● **WORK REQUIRED**
The required output is the exact run of lines in the listing below from the line holding "Container application This" through the line holding "Azerbaycan Mahallesi olarak", with no pictures.

● **RECORDS SUPPLIED**
- - - -

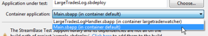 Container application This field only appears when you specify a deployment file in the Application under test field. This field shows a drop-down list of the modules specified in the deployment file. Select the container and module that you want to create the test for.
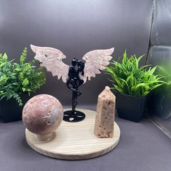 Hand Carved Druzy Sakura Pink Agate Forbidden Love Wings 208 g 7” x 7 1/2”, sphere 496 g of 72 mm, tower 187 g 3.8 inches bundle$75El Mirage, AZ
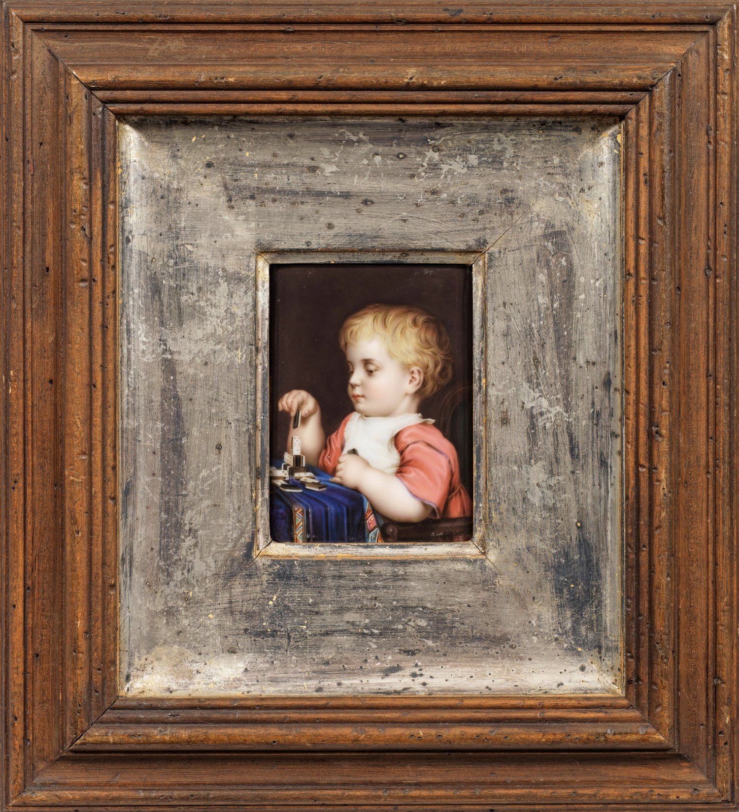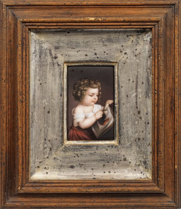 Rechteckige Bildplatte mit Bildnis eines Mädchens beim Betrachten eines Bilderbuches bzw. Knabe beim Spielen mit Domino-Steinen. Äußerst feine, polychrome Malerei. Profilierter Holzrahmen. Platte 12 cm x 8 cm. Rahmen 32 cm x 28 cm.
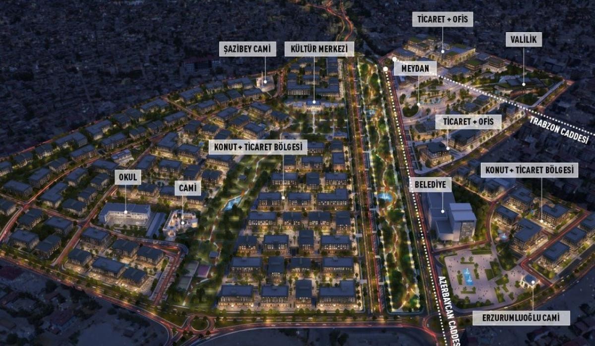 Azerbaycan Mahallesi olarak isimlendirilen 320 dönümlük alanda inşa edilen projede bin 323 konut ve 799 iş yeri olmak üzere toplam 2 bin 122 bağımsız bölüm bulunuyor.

- - - -

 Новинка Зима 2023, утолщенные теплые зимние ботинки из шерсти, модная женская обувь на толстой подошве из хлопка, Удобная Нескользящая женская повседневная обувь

- - - -

● **SOLVED PROBLEM**
 Container application This field only appears when you specify a deployment file in the Application under test field. This field shows a drop-down list of the modules specified in the deployment file. Select the container and module that you want to create the test for.
 Hand Carved Druzy Sakura Pink Agate Forbidden Love Wings 208 g 7” x 7 1/2”, sphere 496 g of 72 mm, tower 187 g 3.8 inches bundle$75El Mirage, AZ
 Rechteckige Bildplatte mit Bildnis eines Mädchens beim Betrachten eines Bilderbuches bzw. Knabe beim Spielen mit Domino-Steinen. Äußerst feine, polychrome Malerei. Profilierter Holzrahmen. Platte 12 cm x 8 cm. Rahmen 32 cm x 28 cm.
 Azerbaycan Mahallesi olarak isimlendirilen 320 dönümlük alanda inşa edilen projede bin 323 konut ve 799 iş yeri olmak üzere toplam 2 bin 122 bağımsız bölüm bulunuyor.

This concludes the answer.